• **YOUR OBJECTIVE**:
Write out the following listing's lines from the one with "The permeability of" to the one with "2、热门推荐:基于大数据分析", exactly, with both included and no others.

• **DATA RECORDS**:
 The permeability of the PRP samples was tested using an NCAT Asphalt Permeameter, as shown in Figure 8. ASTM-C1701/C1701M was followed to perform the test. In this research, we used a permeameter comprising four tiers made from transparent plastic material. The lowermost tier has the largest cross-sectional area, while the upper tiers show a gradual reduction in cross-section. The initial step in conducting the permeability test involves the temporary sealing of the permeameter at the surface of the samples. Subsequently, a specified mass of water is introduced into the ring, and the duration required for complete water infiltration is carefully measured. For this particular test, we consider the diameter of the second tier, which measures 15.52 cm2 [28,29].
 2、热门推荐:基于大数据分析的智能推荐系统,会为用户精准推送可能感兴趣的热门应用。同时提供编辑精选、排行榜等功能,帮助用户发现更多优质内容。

---

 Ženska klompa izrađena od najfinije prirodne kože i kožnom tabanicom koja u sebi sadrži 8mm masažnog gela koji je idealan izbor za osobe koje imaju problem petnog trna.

• **ANSWER SECTION**:
 The permeability of the PRP samples was tested using an NCAT Asphalt Permeameter, as shown in Figure 8. ASTM-C1701/C1701M was followed to perform the test. In this research, we used a permeameter comprising four tiers made from transparent plastic material. The lowermost tier has the largest cross-sectional area, while the upper tiers show a gradual reduction in cross-section. The initial step in conducting the permeability test involves the temporary sealing of the permeameter at the surface of the samples. Subsequently, a specified mass of water is introduced into the ring, and the duration required for complete water infiltration is carefully measured. For this particular test, we consider the diameter of the second tier, which measures 15.52 cm2 [28,29].
 2、热门推荐:基于大数据分析的智能推荐系统,会为用户精准推送可能感兴趣的热门应用。同时提供编辑精选、排行榜等功能,帮助用户发现更多优质内容。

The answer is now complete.